While the primary group tends to be more or less involuntary, the secondary group is voluntary. Modern culture is distinctly characterized by the growth of secondary associations. The larger political state, trade unions, employers' associations, clubs, fraternal orders, religious sects, political parties, and scientific societies— all are examples of secondary groups. True, many of the attitudes and habits of the primary group are carried over into the secondary group. These attitudes of morality and interstimulation of the face-to-face sort are lost, in part, in the expansiveness and ritual of the larger organization. The secondary group is marked by the development of formal codes and social rituals, as also of techniques for securing the objects of common interest, be it increased wages, shorter hours, greater profits, more liberal interpretation of academic freedom, or what not. Secondary groupings, moreover, very easily run over into institutional forms. Sometimes the fundamental distinctions of social groups are made in terms of institutional or non-institutional characteristics. Certainly the primary groups do not, on the whole, take on any high degree of institutionalization, whereas secondary groups lend themselves easily to this sort of organization.

c.
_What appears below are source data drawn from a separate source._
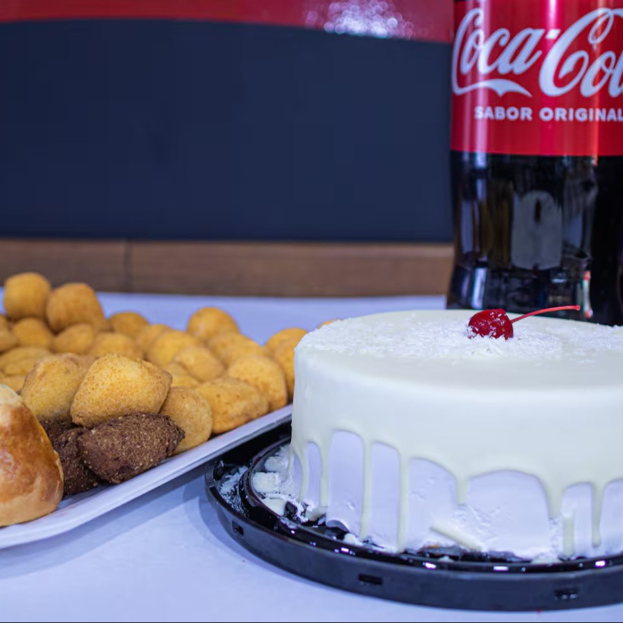 Kit festa contém 600gr de Bolo a sua escolha, 60 salgados tradicionais e 1 coca cola 2lt. Sua festa para até 6 pessoas. Bolo refrigerado, recomenda-se deixar em temperatura ambiente por 1hora antes de consumir.
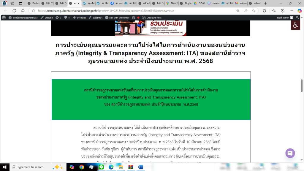 4.ประชาสัมพันธ์ข้อมูลการประเมินคุณธรรมและความโปร่งใสในการดําเนินงาน ของหน่วยงานภาครัฐ (Integrity & Transparency Assessment: ITA) ของสถานีตํารวจภูธร พิบูลมังสาหาร ประจําปีงบประมาณ พ.ศ. 2568
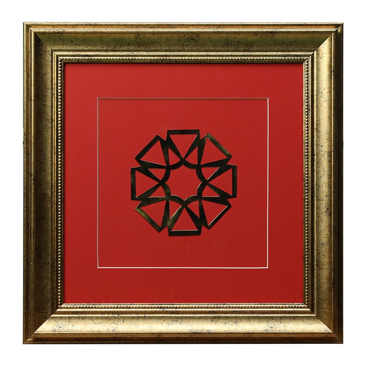• Kırmızı Paspartu üzerine pirinç( sarı) plaka delme kesme tekniği ile dekoratif desen çalışılmıştır.
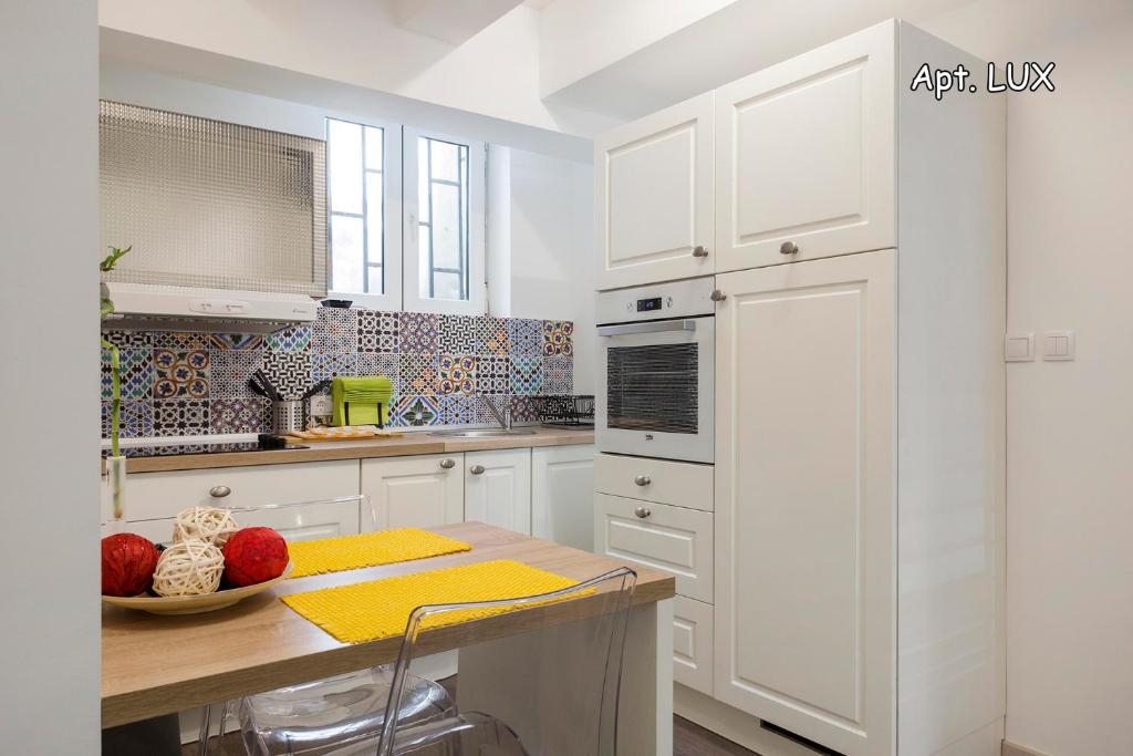 frižider, mikrotalasna rerna, mašina za pranje veša, kuhinja, električno kuvalo, posuđe, mašina za sušenje veša, rerna, ploča za kuvanje, sredstva za čišćenje, sto za ručavanje, čaše za vino
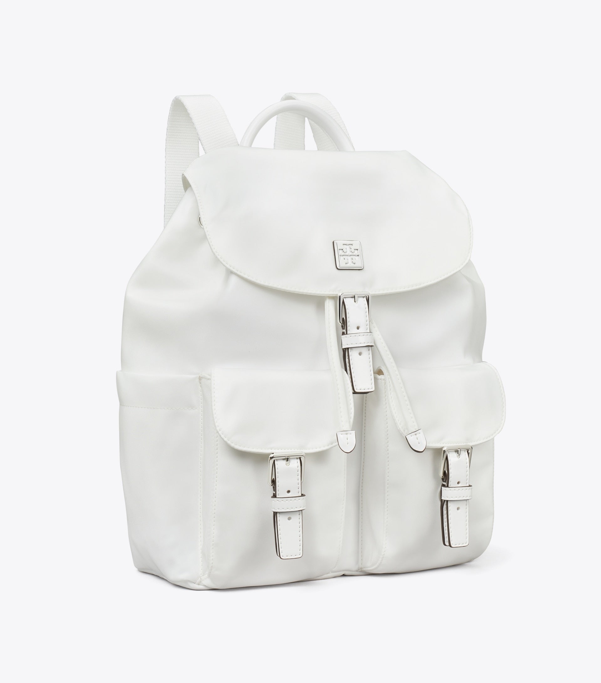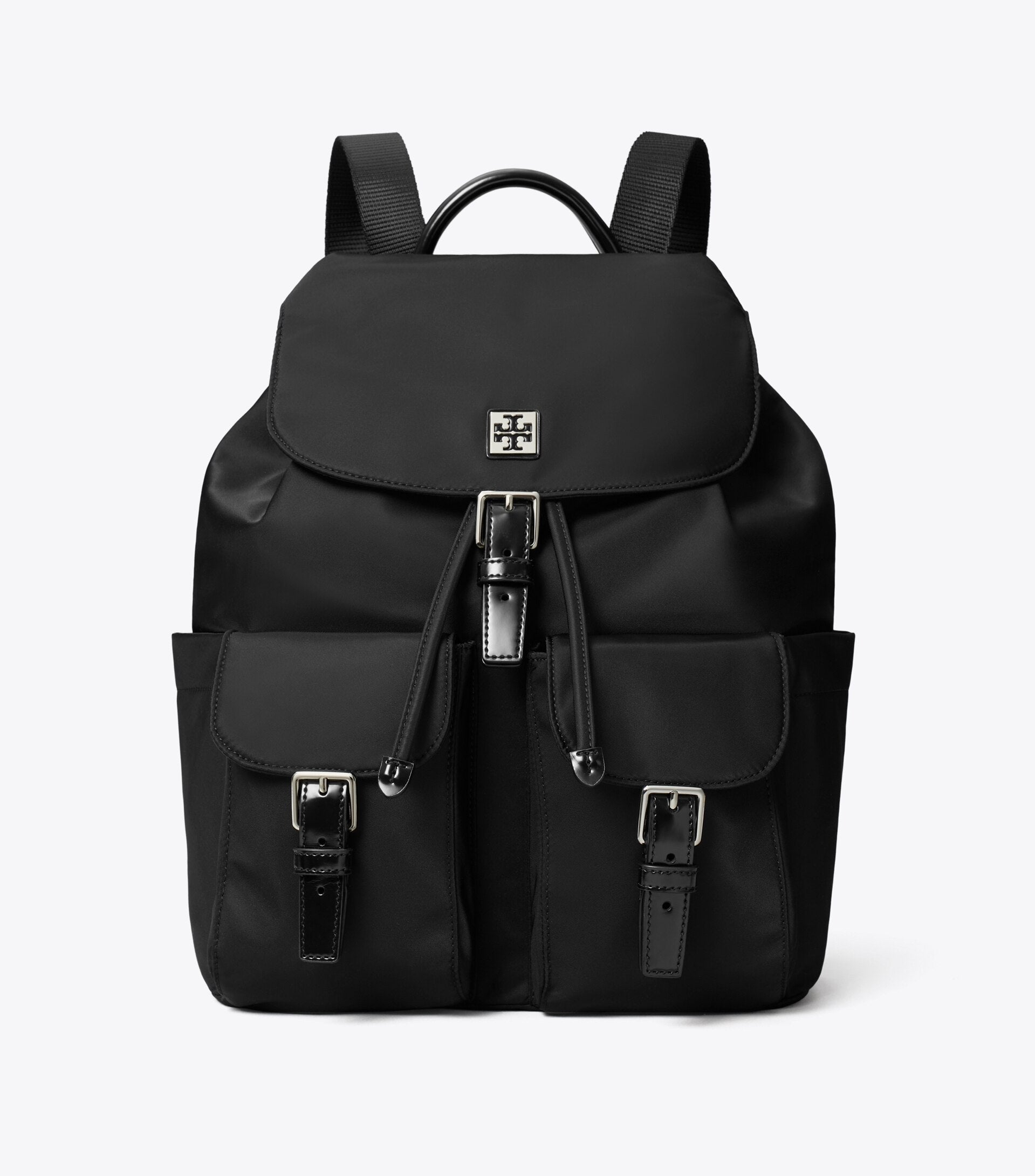 - 2 exterior front buckle pockets, 2 exterior side pockets, 1 exterior back zipper pocket, 1 interior front pocket, 1 interior zipper pocket
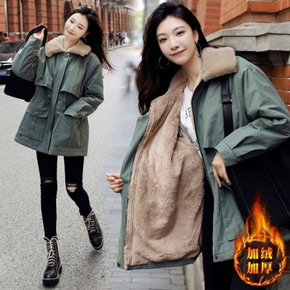 时尚韩版中长款棉服女2018冬季新款加厚棉袄宽松c...
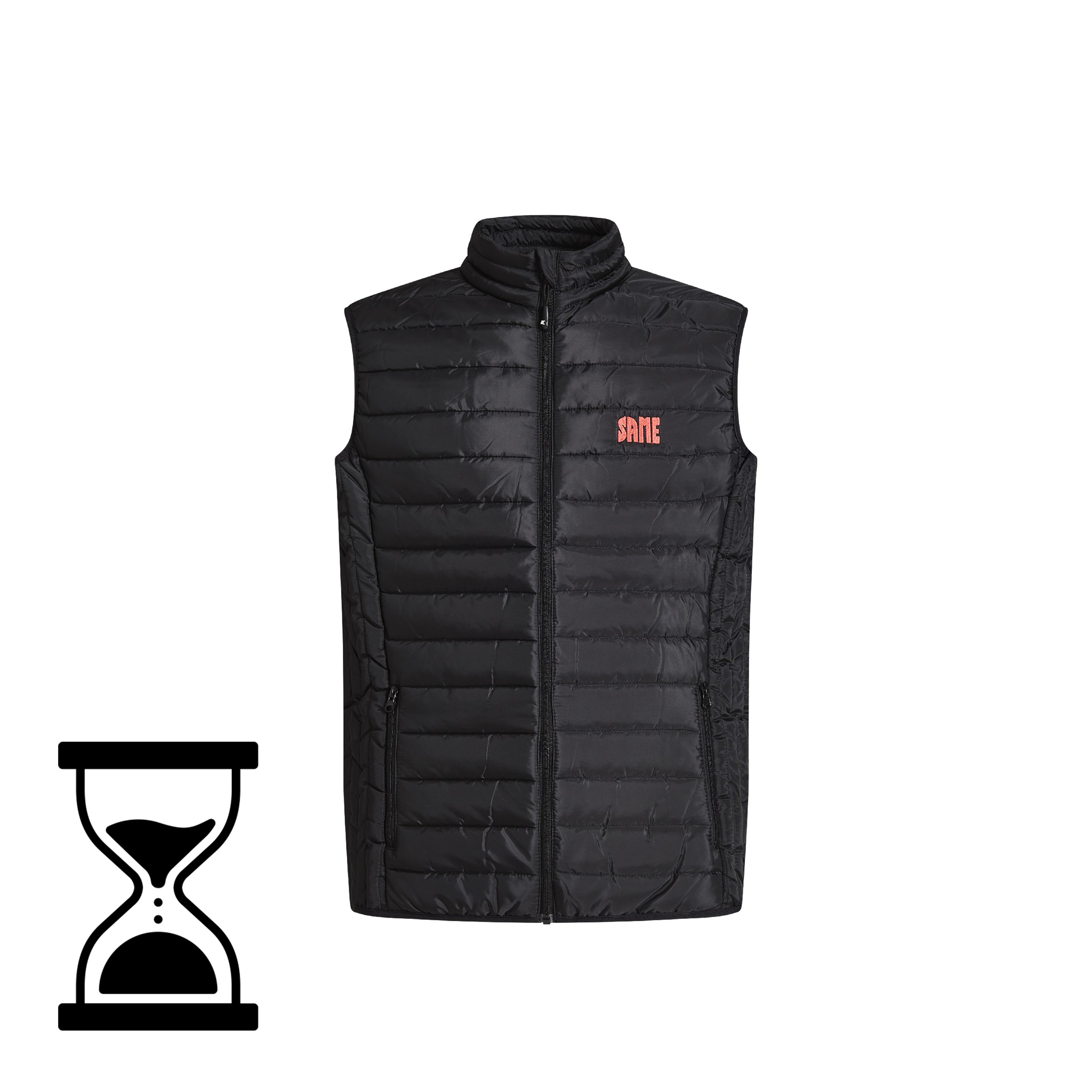 El chaleco negro SAME para hombre, con el logotipo rojo bordado en el pecho, está confeccionado con un tejido impermeable y resistente a la intemperie. Su acolchado de alta calidad lo hace suave y cómodo de llevar. Detalles como los dos bolsillos con cremallera, las costuras verticales a lo largo de los costados, el tejido que protege la barbilla y el acabado elástico tanto en las sisas como en el dobladillo permiten un ajuste óptimo y hacen que esta prenda sea perfecta para quienes buscan un atuendo versátil y funcional.
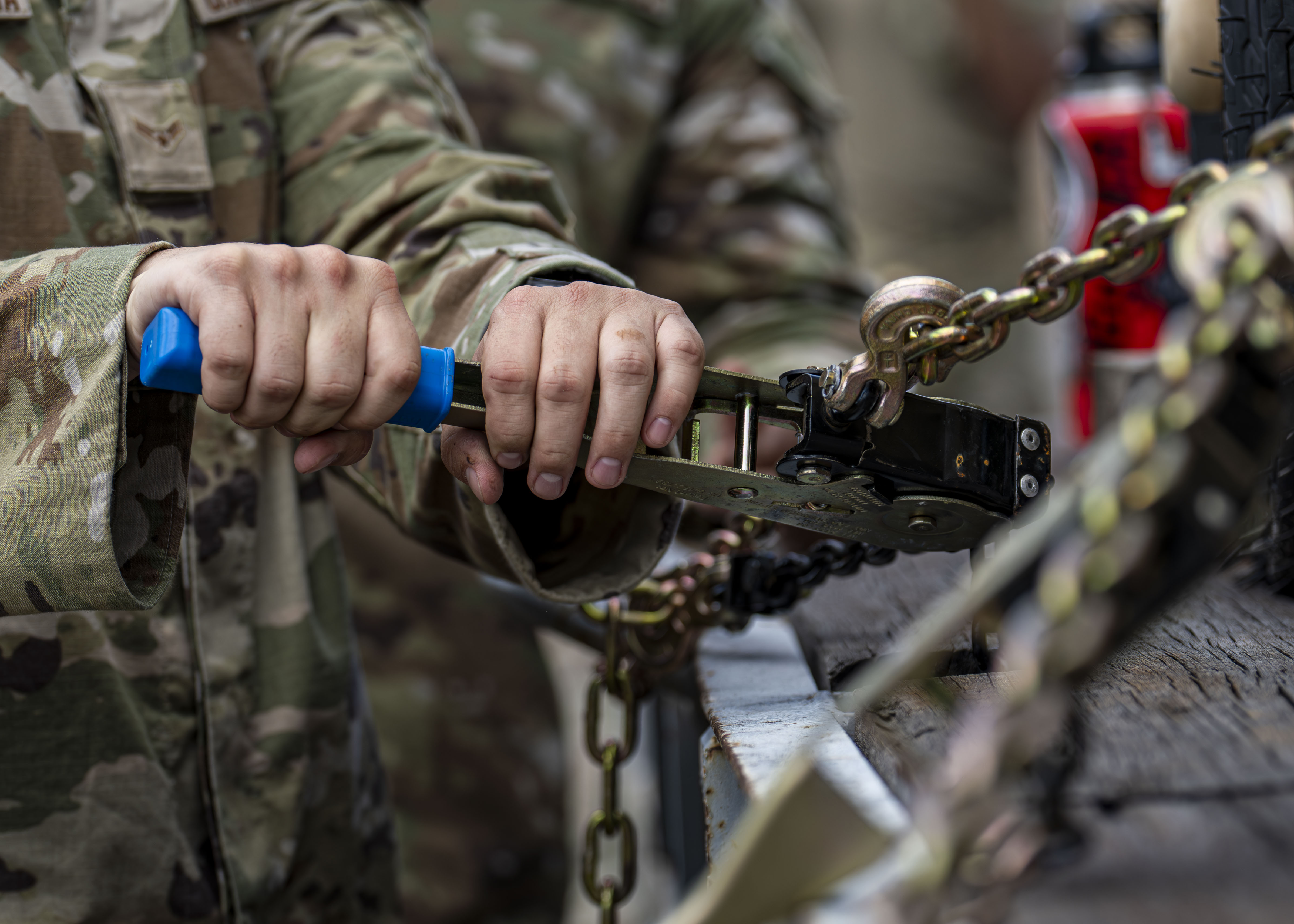 A U.S. Airman assigned to the 1st Special Operations Wing inspects a chain during Mission Ready Airmen Training at Hurlburt Field, Florida, Sept. 9, 2025. MRAT imparts the ability to properly load, secure and transport equipment, a skill critical to logistics readiness in deployed environments. (U.S. Air Force photo by Airman 1st Class Isabel Tanner)
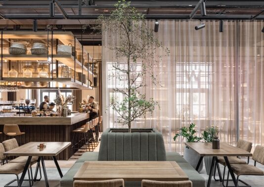 Na pozadí priznanej industriálnej vrstvy interiéru a subtílnych vložených oceľových prvkov pracujú architekti s masívnymi materiálmi a hrubými povrchmi. Nezvyklá tehla, kladená v stromčekovom vzore na časti podlahy, cortenová konštrukcia barového pultu, drevená doska baru, masívny kameň na kuchynskom ostrove… Mäkká koža a textil v kontakte so zákazníkom. Nenájdete tu umelú hmotu, ale materiály, ktorým nevadí opotrebenie a patina.

Temporary Quasi-Primary and Secondary Groups. The distinction between institutional and non-institutional is not precisely the same as that between primary and derivative. Mobs and temporary street crowds may scarcely be called primary in the sense of the family, the play-group, or the neighborhood; yet they are not secondary groups. These temporary


( 24) contiguous groups, however, must be reckoned with as types of relatively unorganized groups. These forms of collective association may distinctly influence personality. So, too, the non-contiguous crowd or public is a form of grouping highly significant in our society. As we shall see, the public, or better said, the publics, are closely related to secondary interest groups.

We need not further discuss the general sociological features of groups, as in subsequent chapters we shall have occasion to consider group backgrounds of personality development. It is important for our standpoint to realize, at all times, that the personality development of the individual is constantly modified and directed by his participation in groups of other persons somewhat similar to or different from himself.

C. Nature of Culture.

1. Morality, Socialization, and Group Life.— Rather more important for us than any elaborate treatment of the sociology of groups, is the need of pointing out that modern life has come to be dominated more and more by secondary and institutionalized groups. Division of labor— meaning specialization— rapid communication and transportation, and the enormous expansion of organized business enterprise have completely altered the forms of human relationships. The primary groups of family, neighborhood, and village have steadily been losing ground as the major groups in our society. In their place the urban community, the specialized institution of education, the industrialized and commercialized types of association, dominate our life organization. Throughout this volume we shall have occasion to indicate how these newer forms of associate life affect the personality of the individual and, his relations with his fellows.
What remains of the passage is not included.